Records for the exercise
= Beginning of Section =

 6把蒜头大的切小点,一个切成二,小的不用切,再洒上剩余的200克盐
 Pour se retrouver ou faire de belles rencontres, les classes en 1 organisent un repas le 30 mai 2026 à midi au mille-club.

= End of Section =
= Beginning of Section =

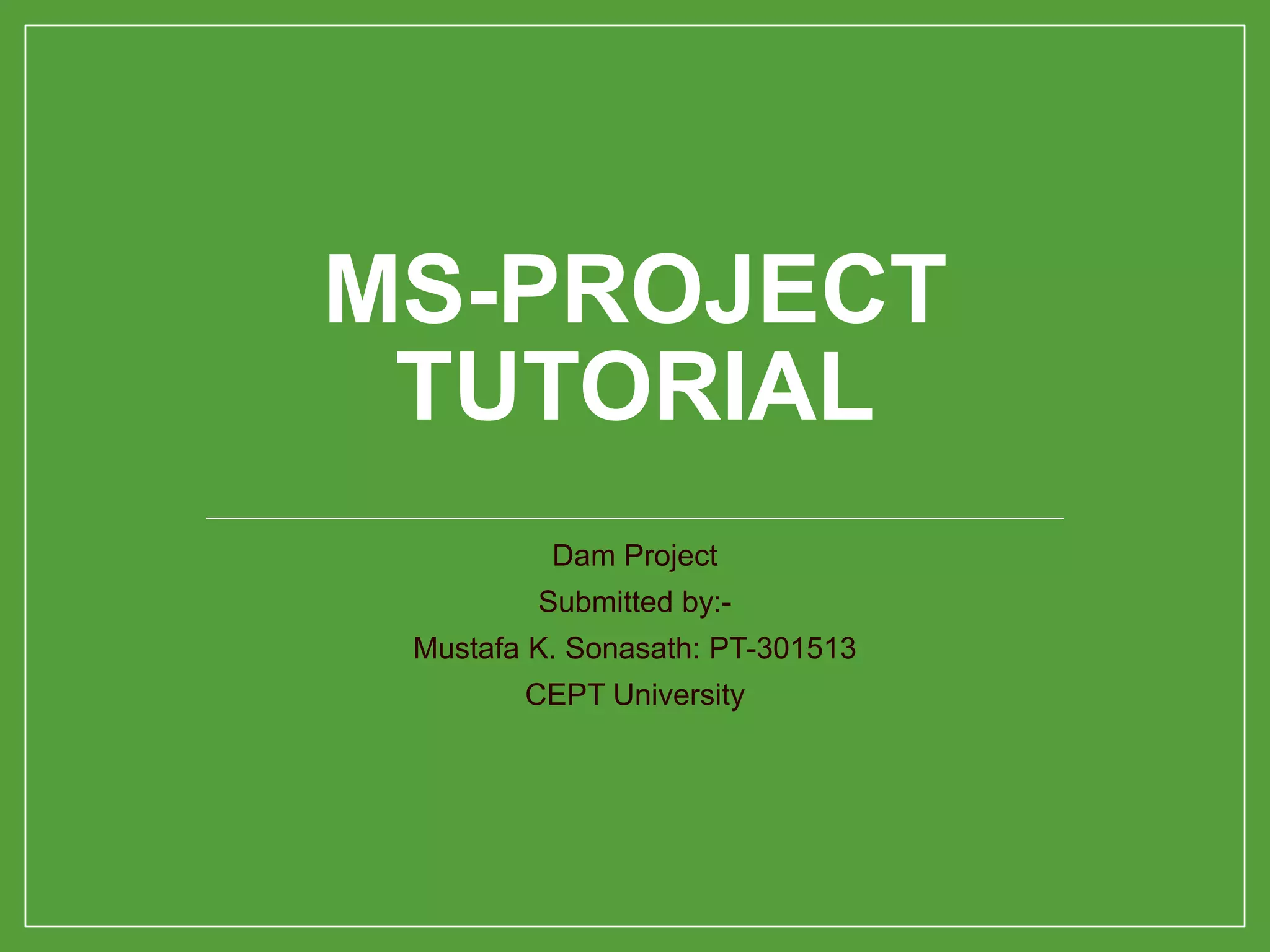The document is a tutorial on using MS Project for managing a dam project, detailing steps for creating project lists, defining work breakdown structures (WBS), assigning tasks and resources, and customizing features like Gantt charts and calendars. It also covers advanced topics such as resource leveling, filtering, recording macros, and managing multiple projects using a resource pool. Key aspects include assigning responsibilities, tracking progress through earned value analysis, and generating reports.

= End of Section =

Exercise objective
Above are the records. Print exactly, and only, the lines from the line with "6把蒜头大的切小点,一个切成二,小的不用切,再洒上剩余的200克盐" to the line with "Pour se retrouver", both inclusive.

Task result
 6把蒜头大的切小点,一个切成二,小的不用切,再洒上剩余的200克盐
 Pour se retrouver ou faire de belles rencontres, les classes en 1 organisent un repas le 30 mai 2026 à midi au mille-club.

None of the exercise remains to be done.